You know, if you stay at technologies similar to Flash (I mean, patterning small cells on a surface), it becomes more and more (extremely) expensive to get a small improvement. And by doubling capacities every 18 months, the one-atom size limit would be attained in 20 years only. Even the Millipede is limited!

Look, my first Flash card had 16MB, maybe 7 years ago. Now you find >16GB at the grocer's, this is >1.000 times more. But shrinking from 45nm to 0.045nm only gets you 1.000.000 times more cells, and we won't go that far.

So I wouldn't be surprised that thechnologies not evolved from semiconductors replace Flash. What about a fast course in optics and biochemistry...?

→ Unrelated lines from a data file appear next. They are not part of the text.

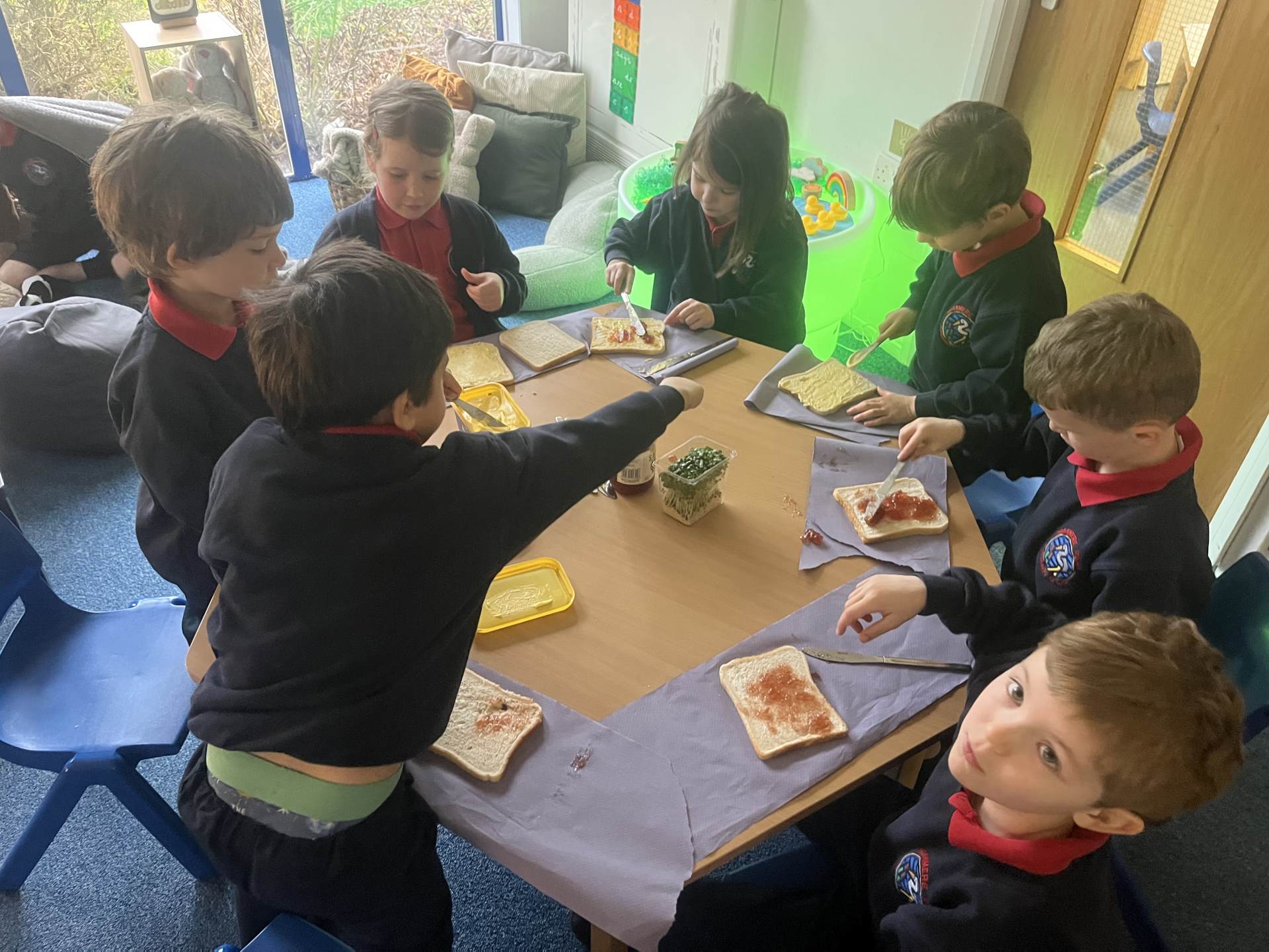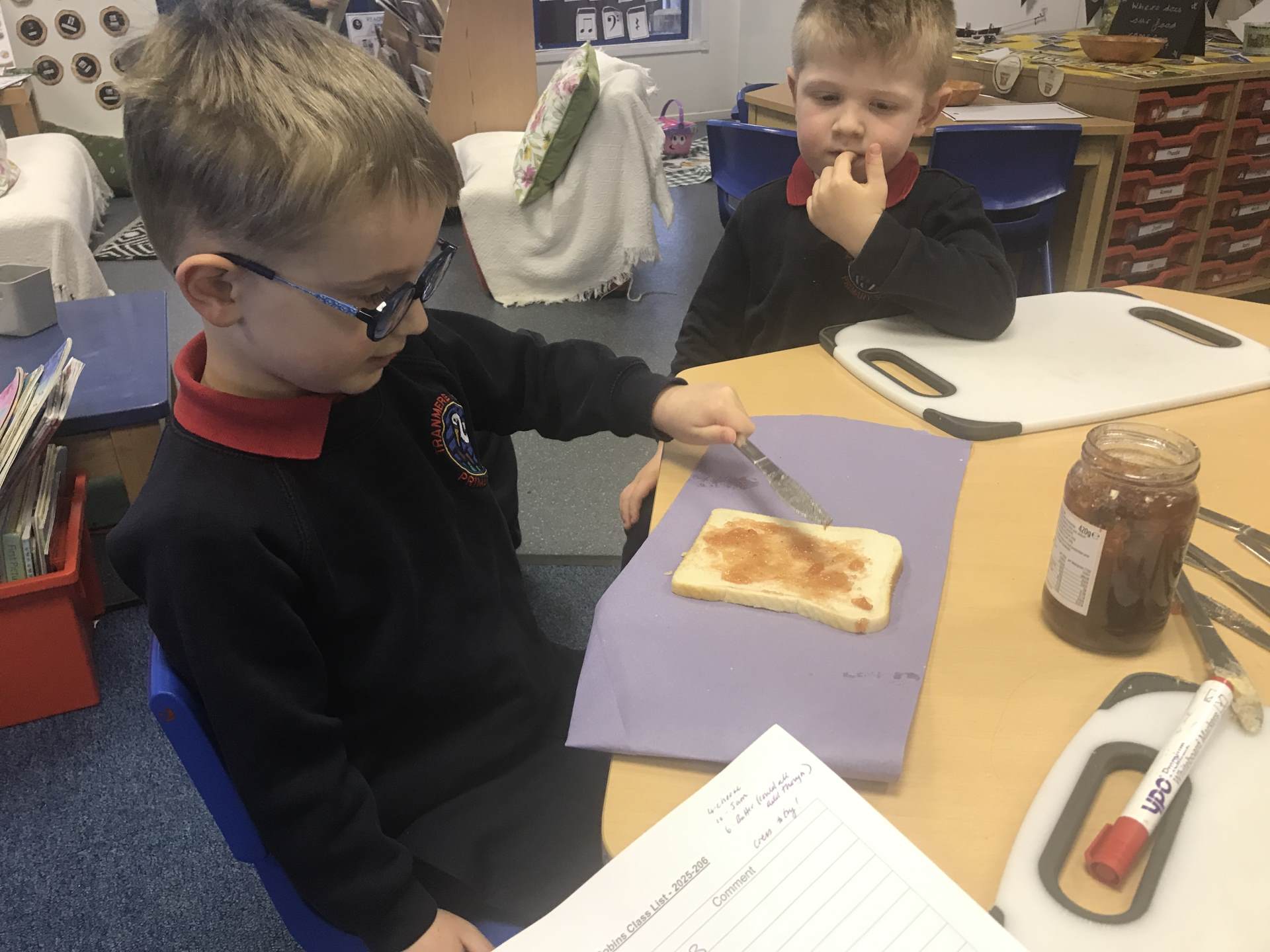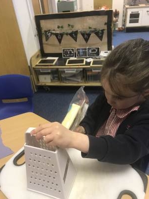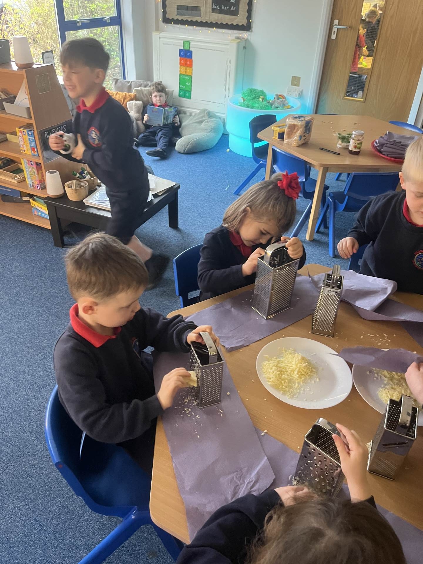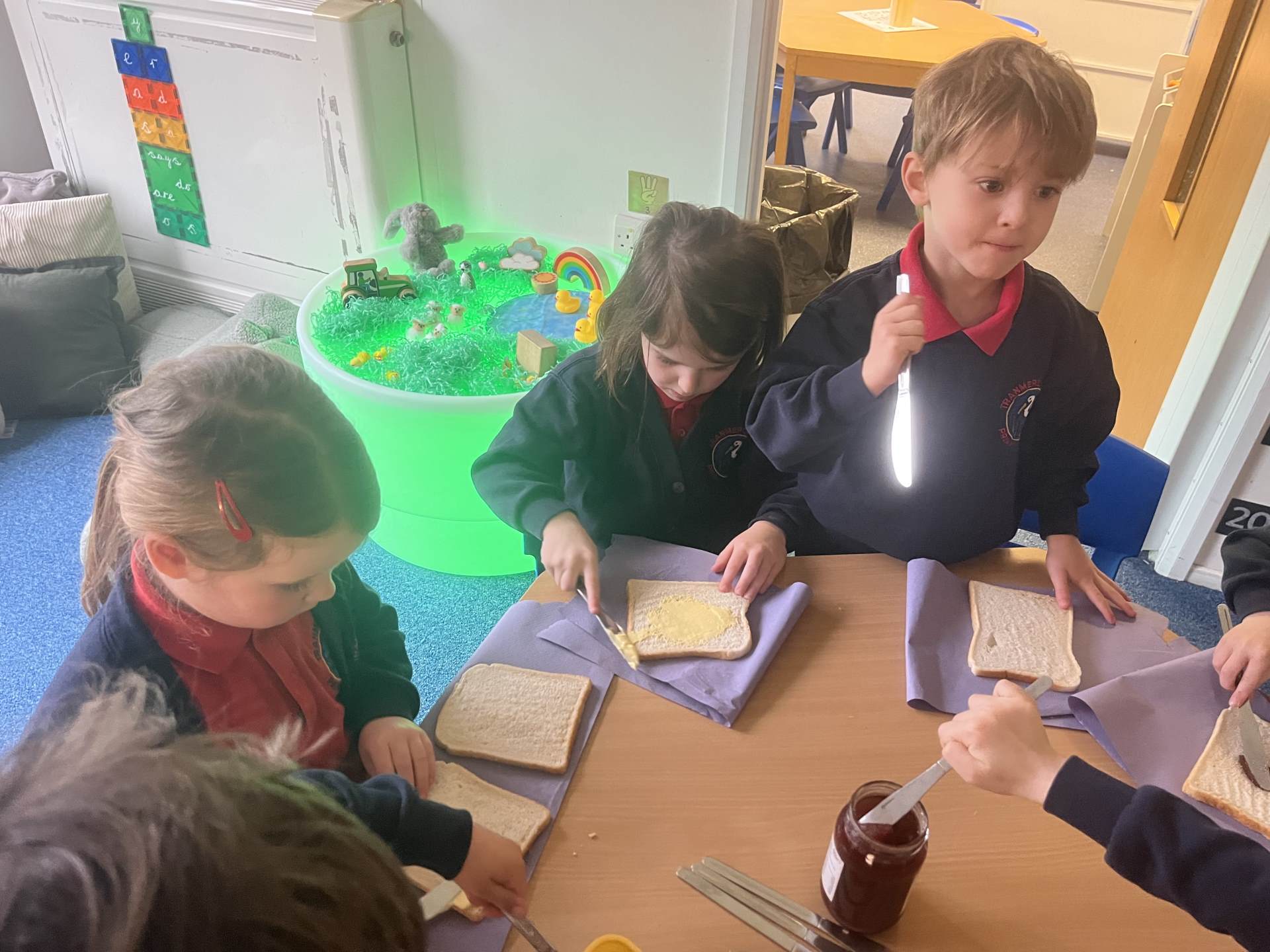 In the morning, the children helped to prepare their own snacks, practising important skills such as spreading, cutting, grating, tearing, sprinkling and making choices about what they would like to eat. This linked closely to our learning about where food comes from and how we prepare it.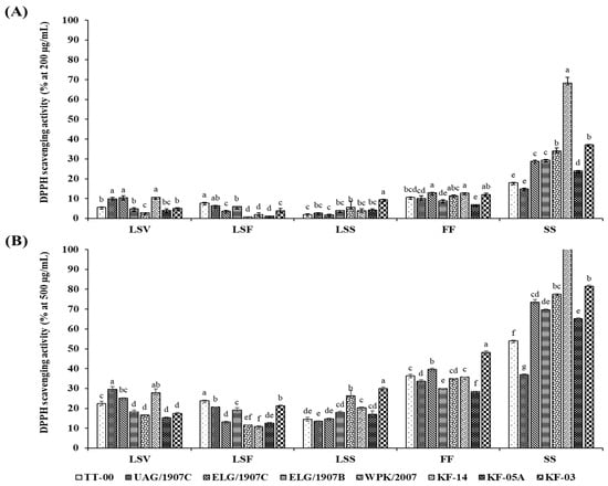 Dose-dependent (A,B) DPPH+ radical scavenging activity of extracts from 8 accessions of CG organs collected at various stages. Columns with the different letters for each organ are significantly different (p < 0.05). LSV = leaves and stem in the vegetative stage; LSF = leaves and stem in the flowering stage; LSS = leaves and stem in the seed set stage; FF = flower part in the flowering stage; SS = silique part in the seed set stage.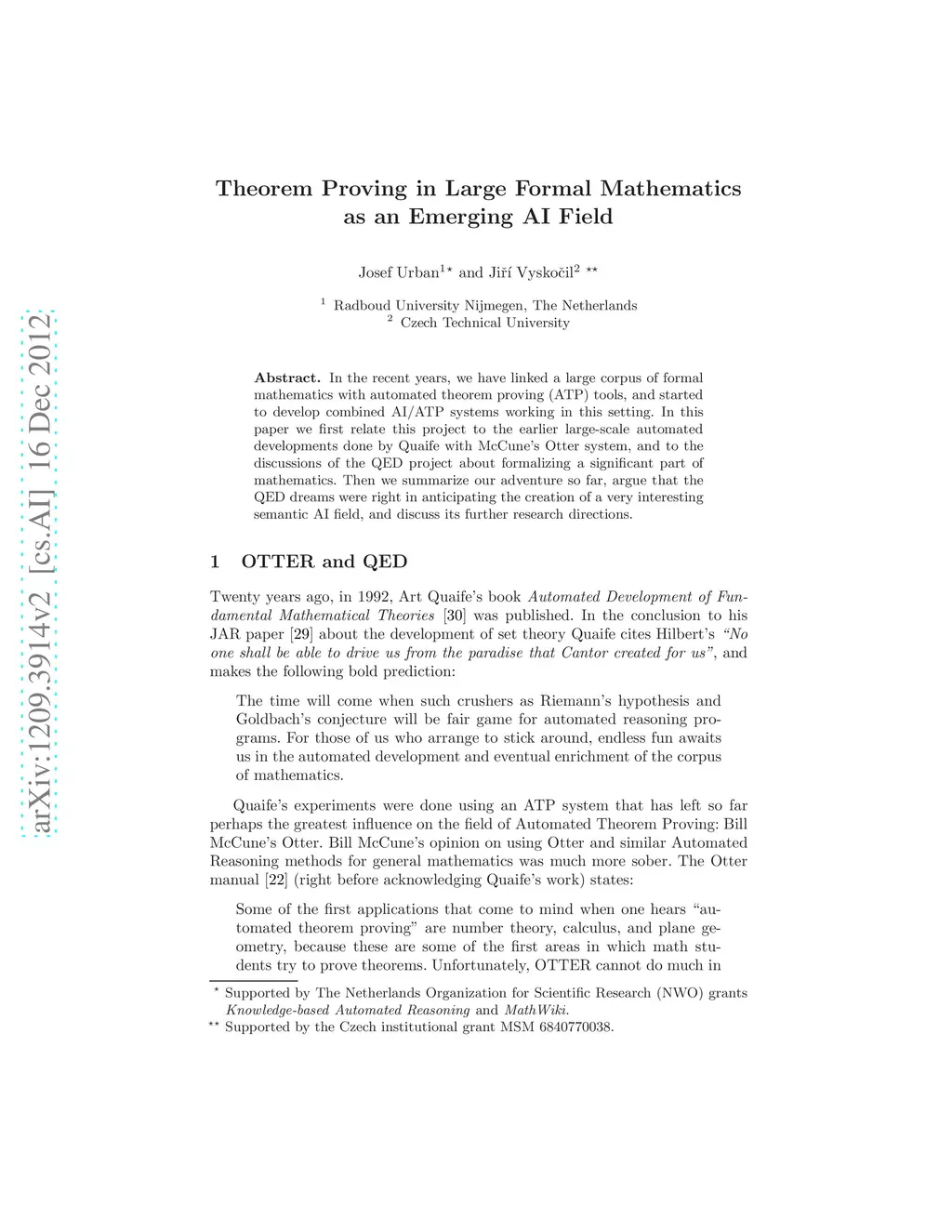 Theorem Proving in Large Formal Mathematics as an Emerging AI Field

Don't kidding atoms size is 0.2nm, so 0.045nm is impossible. If sciencists don't find Ideas how to fit in bit-memory-cells into 3D structure, then in 2050 memory memory size growing stop at all (maybe grows +1MB/year and decrease farther). And from about 2030 all computers and memory evolution will exponentionaly slowdown and this proccess exist already now, but in future it will be more visible. You never in your live will see 100 TB hard disk or processor with 100 bilions transistors.

DavidD, your figures don't fit.

Shrinking down semiconductor technology will slow down much sooner having attained densities much bigger than you expect.

As for hard disks, we are on the best way to 100TB.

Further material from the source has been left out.